Hybrid Fund, Miner Exposure, and Inverse Option

It’s been a tumultuous few months for gold, as the shadow safe-haven metal started the year soaring to record highs but has since had many ups and downs.
President Trump’s nomination of Kevin Warsh to chair the Federal Reserve Board, the ongoing war in Iran, and many other factors have caused two significant dips since late January.
Nevertheless, in the early days of May, gold seems to be on the rise again, as it has risen about 2% for the week and brought its year-to-date (YTD) performance to about 9%. This may not be enough to send the gold bulls running to climb their positions in anticipation of another rally in progress, but it at least highlights how difficult it can be to predict where the gold price will go.
Fortunately, there are ready-made bets that can position investors to profit regardless of what gold can do going forward. Three exchange-traded funds (ETFs) can be a useful part of a balanced, albeit indirect, gold investment that can maximize potential returns whether prices rise or fall.
Gold/Equities Hybrid Play with Compulsory Equity Bonus
WisdomTree Efficient Gold Plus Equity Strategy Fund Today
WisdomTree Efficient Gold Plus Equity Strategy Fund
As of 05/8/2026 04:10 PM Eastern
- 52 week interval
- $43.31
▼
$78.89
- Dividend Yield
- 3.76%
- Assets Under Administration
- $604.55 million
WisdomTree Efficient Gold Plus Equity Strategy Fund BATS: GDE is an actively managed hybrid ETF that invests in both gold futures contracts and a portfolio of major US stocks, including major firms such as NVIDIA Corp. NASDAQ: NVDA and Alphabet Inc. NASDAQ: GOOGL.
While investors may think of the fund more as a stock ETF with a gold-based inflation hedge built in, the structure can be flipped: GDE can be a gold ETF with equity exposure for balance.
Considering the unique approach and management, GDE’s average expense ratio of 0.20% is quite reasonable.
And indeed, the fund has managed to outperform gold and the S&P 500 so far in 2026: its YTD return is around 12.5%.
On top of that, the fund pays a dividend yield of 3.77%, making it a solid income play and adding to its appeal as a portfolio diversifier looking to avoid making big bets on gold or stocks.
A Targeted Approach to Gold Mining Including Beneficial Companies
US Global GO GOLD and Precious Metal Miners ETF Today
US Global GO GOLD and Precious Metal Miners ETF
As of 05/8/2026 04:10 PM Eastern
- 52 week interval
- $25.35
▼
$57.09
- Assets Under Administration
- $195.80 million
A step removed from the direct investment in gold itself, the US Global GO GOLD and Precious Metal Miners ETF NYSEARCA: GOAU instead it targets a small portfolio of just over twenty global gold mining companies.
The underlying stocks of the fund come from many countries, ensuring that if there are production problems affecting a particular nation or region, the basket is properly diversified to protect against such shocks.
Importantly, GOAU takes a more conservative approach than other gold mining funds, as most of its major holdings—accounting for just under a third of invested assets—are gold royalties such as Royal Gold Inc.

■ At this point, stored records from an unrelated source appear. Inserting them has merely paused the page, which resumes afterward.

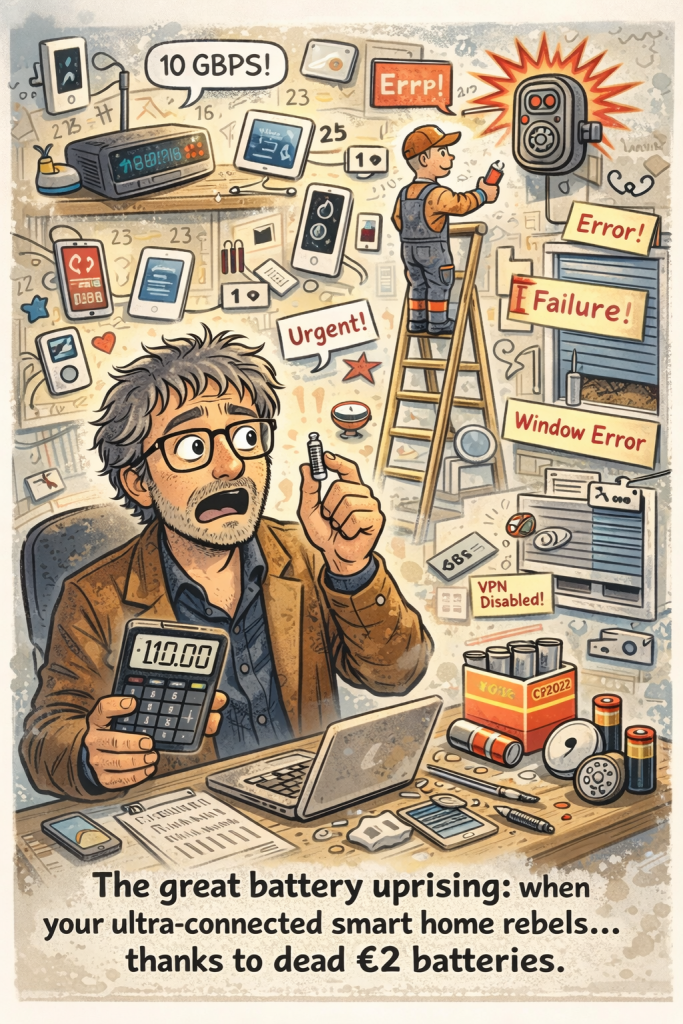 When your ultra-connected smart home runs at 10 Gbps, you expect cutting-edge problems. What you don’t expect is a full-scale rebellion… from two-euro batteries. This week: alarms failing, shutters dying, technicians queuing — and a quiet realization that the weakest link in modern tech isn’t the network, but the tiny things we forget to check. Click to witness the great battery uprising.
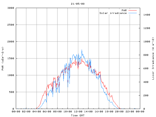 The PML meteorological station, situated on the south-west corner of the building roof, consists of a Hygroclip S3 temperature and humidity sensor housed in a radiation shield, a Mierij Meteo solid state wind sensor (MMW-005), a Chelsea instruments half-hemisphere PAR sensor, a Li-Cor pyranometer (LI-200SZ) and an Omni Instruments 6" tipping bucket raingauge (RG200). The data are logged every 5 minutes using a Pace Scientific XR5 data logger. The real-time rainfall data is likely in error - the correct values will be displayed after a time lag of approximately 24 hours. The meteorological station is sheltered from winds in the north-east and underestimates winds from this quarter. To use these data please contact Dr Tim Smyth.
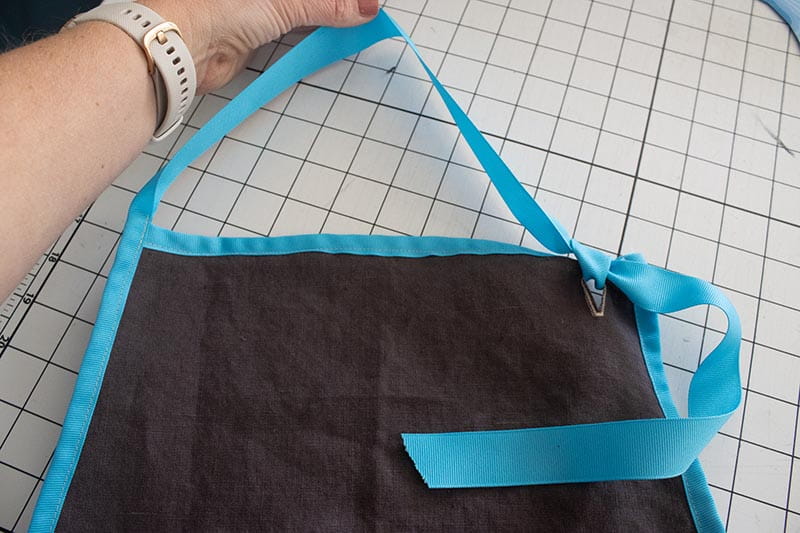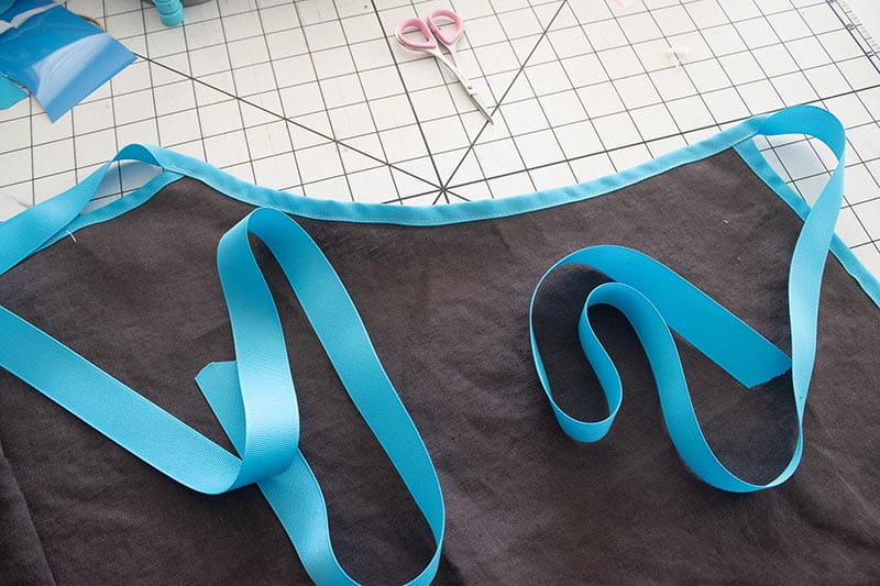 Next back to finishing the edges of the apron. Use ribbon to finish the top, short edge of the apron.
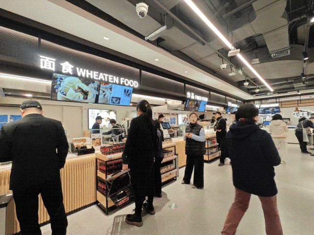 超市提供多種商品試吃,現(xiàn)場分割的挪威冰鮮三文魚,讓購物更具參與感。煙火氣十足的現(xiàn)制主食檔口提供果汁、烤地瓜、面食、炸品、便當(dāng)?shù)燃磿r餐飲,F(xiàn)場工作人員表示,過一段時間會售賣早餐,將進一步貼近日常需求。
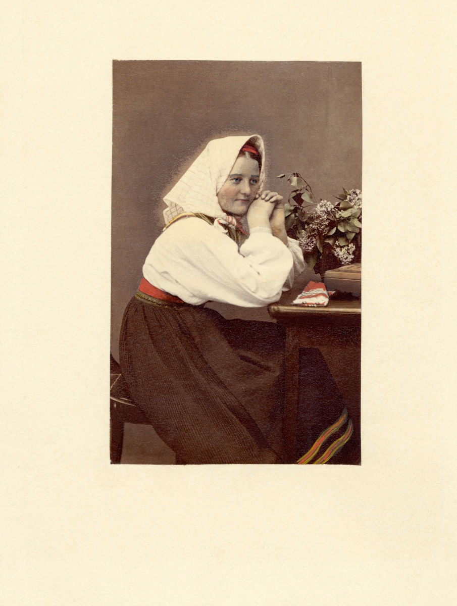 Porträtt av sittande ung flicka i folkdräkt från Dalarna, möjligen Venjan. På bordet en bukett syrener. Handkolorerat fotografi.
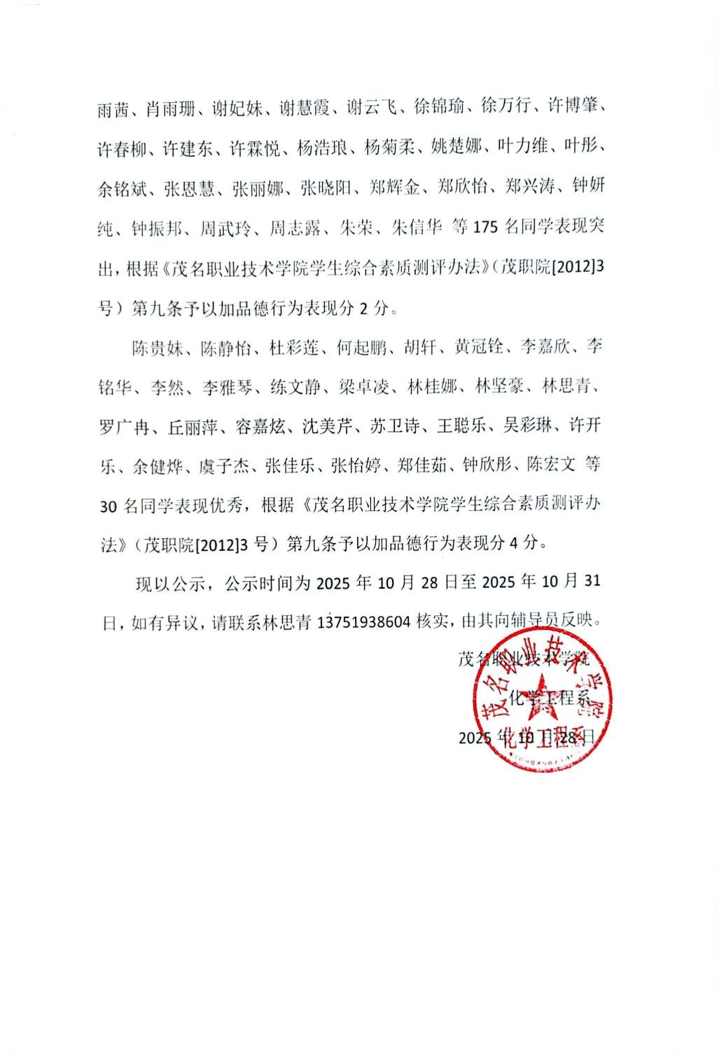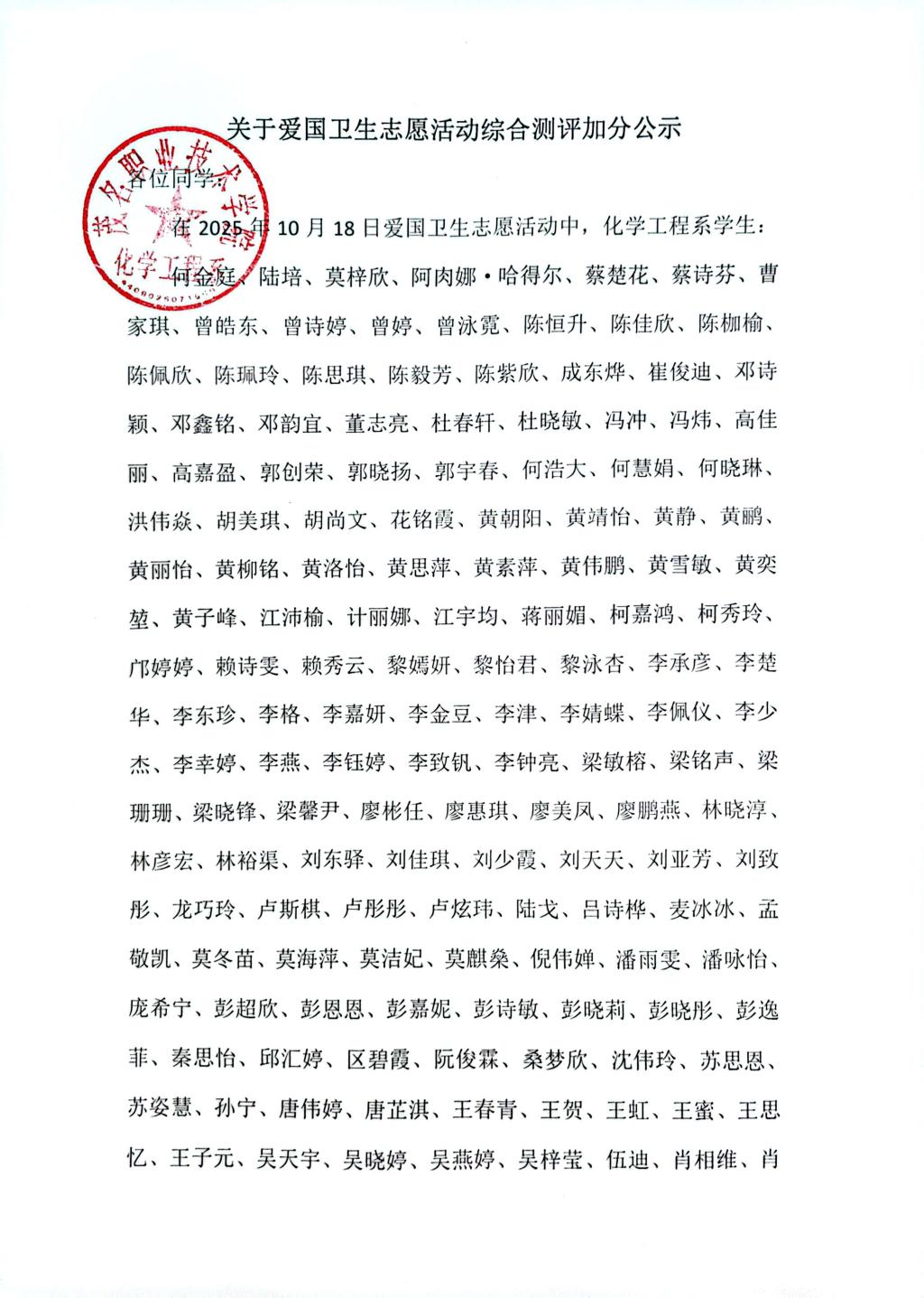 关于10月18日爱国卫生志愿活动综合测评加分公示

NASDAQ: RGLD.
Royalty companies may be attractive compared to mining due to their lower operating costs, reduced risks associated with production stoppages, etc.
GOAU’s focus on everything comes at a high price, and with an annual fee of 0.60% this carries an expense ratio of three times that of GDE. paid a dividend of 0.89 %. With an annualized return of around 4% YTD, GOAU may not have enjoyed the same pre-2026 boost as GDE either.
IA -2X Leveraged Play on Gold Bullion for bears
ProShares UltraShort Gold today
ProShares UltraShort Gold
As of 05/8/2026 04:10 PM Eastern
- 52 week interval
- $15.60
▼
$48.48
- Dividend Yield
- 0.00%
- Assets Under Administration
- $99.52 million
For investors who are really cheap on gold after its spectacular rally in recent quarters, a number of ETFs take the opposite approach, benefiting when the price of gold (or, in some cases, gold-related stocks) declines.
A classic example of this is the ProShares UltraShort Gold ETF NYSEARCA: GLLwhich provides -2x daily incremental exposure to the price of gold in a futures based index.
If the price of gold falls, GLL aims to make a positive return of twice that level.
Like most leveraged funds, GLL resets daily, meaning it’s only designed for a short-term, tactical bet against gold. With a combination of factors sending the price of bullion zig-zagging in recent months, investors can find plenty of opportunities to profit from the price drop.
GLL’s expense ratio is reasonably high given its unique strategy and strength, and the fund charges an average expense ratio of 0.95%. Even investors who are generally bullish on the value of gold may want to consider this if they expect a short-term dip that could provide an opportunity for GLL to shine.